> [What is needed] Print each entry word for word without images.
[Start of section]
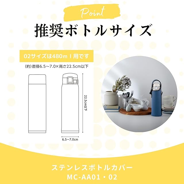 象印マホービン 水筒カバー Mサイズ(480ml用)持ち方3WAY ストレッチ素材 洗濯機洗いOK ステンレスボトルカバー ブルー MC-AA02-AA
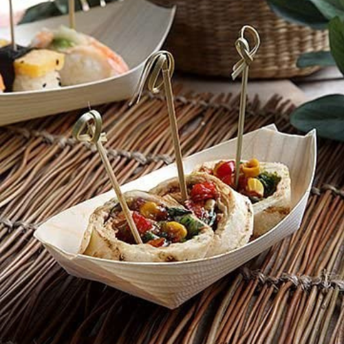 Papstar Disposable Wooden Boat Plates/Bowls - 50 Pack, 11 x 6.5 cm
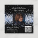 A black background. Decorated with light blue faux confetti. Personalise and add your name, title, profile photo, phone number, mail, website adsress, qr code to your website or social media account.
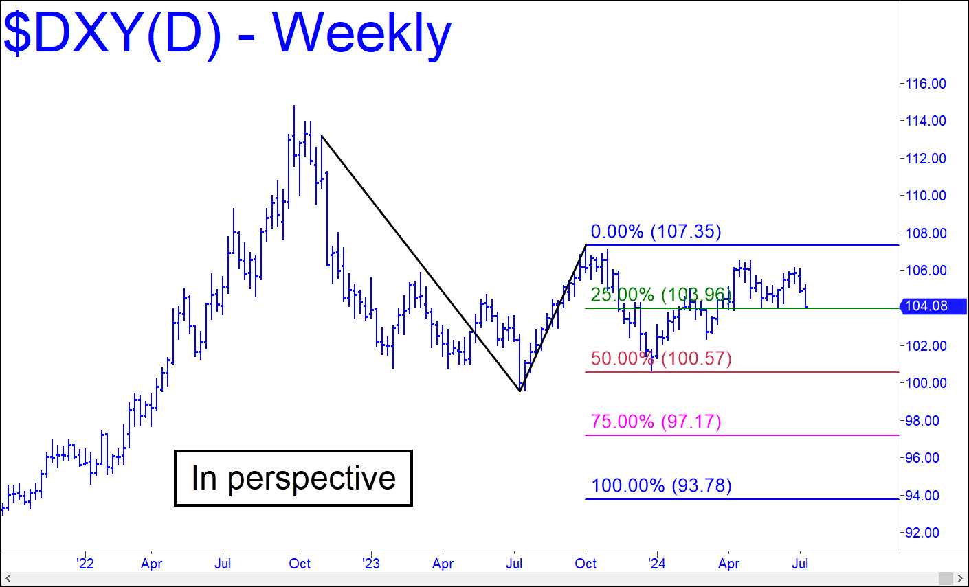 The dollar got hit hard on Thursday, but the weekly chart shown in the thumbnail inset puts it in perspective. DXY has been scuddling sideways since December, and there is scant evidence it will break out of the approximately five-point range in which it has spent most of 2024. It would pick up voodoo-number support 90 cents below, at 103.18, but sellers would have to pound it through p=100.57 to create even a hint of trouble. Regardless, D=93.78 is theoretically in play, so we should keep close track of lesser abcd patterns to determine which way the wind is blowing. _______ UPDATE (July 28): Zzzzzzzzzzzzzzzz.
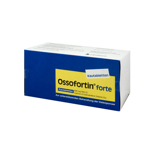 Ossofortin forte 600 mg / 400 I.E. Kautabletten. Anwendungsgebiete: wird zur unterstützenden Behandlung der Osteoporose angewendet.
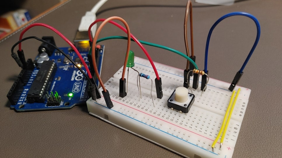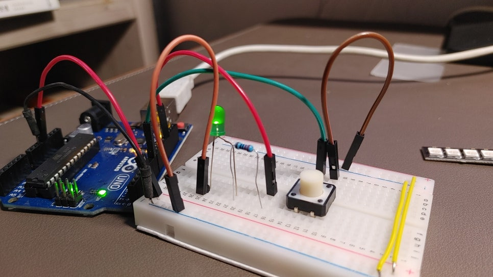 - 전원 연결 (5V): 버튼의 한쪽 다리에 아두이노 5V를 연결합니다.
[End of section]
> [Written solution]
 象印マホービン 水筒カバー Mサイズ(480ml用)持ち方3WAY ストレッチ素材 洗濯機洗いOK ステンレスボトルカバー ブルー MC-AA02-AA
 Papstar Disposable Wooden Boat Plates/Bowls - 50 Pack, 11 x 6.5 cm
 A black background. Decorated with light blue faux confetti. Personalise and add your name, title, profile photo, phone number, mail, website adsress, qr code to your website or social media account.
 The dollar got hit hard on Thursday, but the weekly chart shown in the thumbnail inset puts it in perspective. DXY has been scuddling sideways since December, and there is scant evidence it will break out of the approximately five-point range in which it has spent most of 2024. It would pick up voodoo-number support 90 cents below, at 103.18, but sellers would have to pound it through p=100.57 to create even a hint of trouble. Regardless, D=93.78 is theoretically in play, so we should keep close track of lesser abcd patterns to determine which way the wind is blowing. _______ UPDATE (July 28): Zzzzzzzzzzzzzzzz.
 Ossofortin forte 600 mg / 400 I.E. Kautabletten. Anwendungsgebiete: wird zur unterstützenden Behandlung der Osteoporose angewendet.
 - 전원 연결 (5V): 버튼의 한쪽 다리에 아두이노 5V를 연결합니다.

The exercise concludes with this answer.